What experts say According to Jiral Mehta, Senior?

According to Jiral Mehta, Senior Manager – Research at FundsIndia, IPs of at least seven years greatly reduce the chance of losses. Their 20 years of data shows that there have been no instances of negative returns in the case of SIPs that were maintained for 7 years or more.

Moreover, close to 81% of these SIPs provided annual returns of over 10%.

She also clarifies that if there is a market decline towards the end of your SIP tenure, simply continuing the investment for one or two more years usually results in a strong bounce-back. This underlines the fact that holding on to your investment and keeping up your discipline over the long term is what really leads to wealth creation.

Short-term vs long-term results

Results of short SIPS may not be significant, but the difference becomes evident when you extend your investment.

For instance:

  • A ₹5,000 SIP can be worth approximately ₹2.25 lakh in 3 years if the annual growth is 15%. 
  • After 5 years, it will be about ₹4.37 lakh.
  • A ₹10,000 SIP will be around ₹7.16 lakh in 7 years.
  • However, the same SIP increases to nearly ₹13.15 lakh in 10 years.

This demonstrates that most of the leap in returns takes place in the last few years because that is when compounding gets stronger.
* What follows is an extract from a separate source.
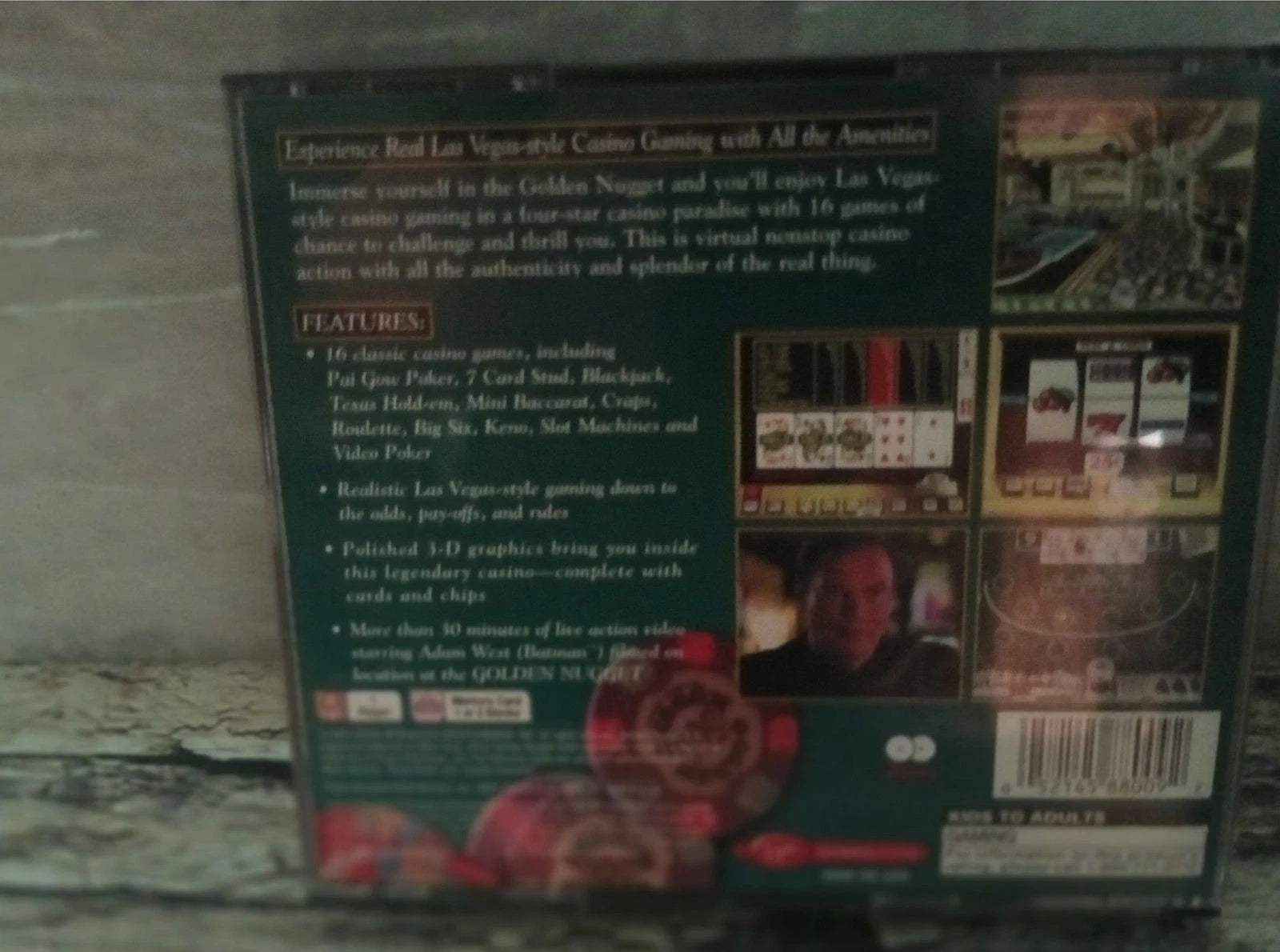 Step into Las Vegas with Golden Nugget for PlayStation 1! Experience classic casino gaming: Blackjack, Poker, Roulette, Slots & more.
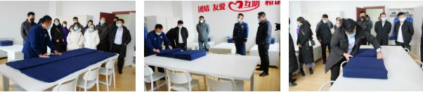 體驗完消防設備后,大家先后對黨員培訓室、體能訓練室、多功能影院等進行了參觀。重點是我們還到班組寢室,體驗了“豆腐塊”工程!內務的好壞反映著隊伍的精神風貌,大家都被消防員疊的“豆腐塊”驚呆了,還上手操作體驗了一下,真的是不容易!救援大隊一中隊良好的生活環境、規范的硬件設施、嚴格的制度管理,給大家留下了深刻的印象,大家不停拍照記錄,將良好的制度措施和經驗做法一一記錄下來。

Why many investors stop early?

There are some investors who cease their SIPs when markets are dull or even falling. But the first few years are only the foundation. Usually, turning point for the real growth is after the eighth year when you see your cumulative investment earning interest on the already earned interest.

Is 10 years enough?

Yes, 10 years is a good point to start from, but if your goals include retirement, children’s education, or buying a house, then the best thing to do would be to keep your SIP going for 15–20 years. Longer periods not only help ride out the ups and downs of the market but also grant more peace of mind.

 ​‍​‌‍​‍‌Key takeaways

  • SIPs below 3 years are affected by market timing.
  • 5–7 years offer basic compounding.
  • 10–15 years help create real wealth.
  • 20+ years can lead to financial freedom.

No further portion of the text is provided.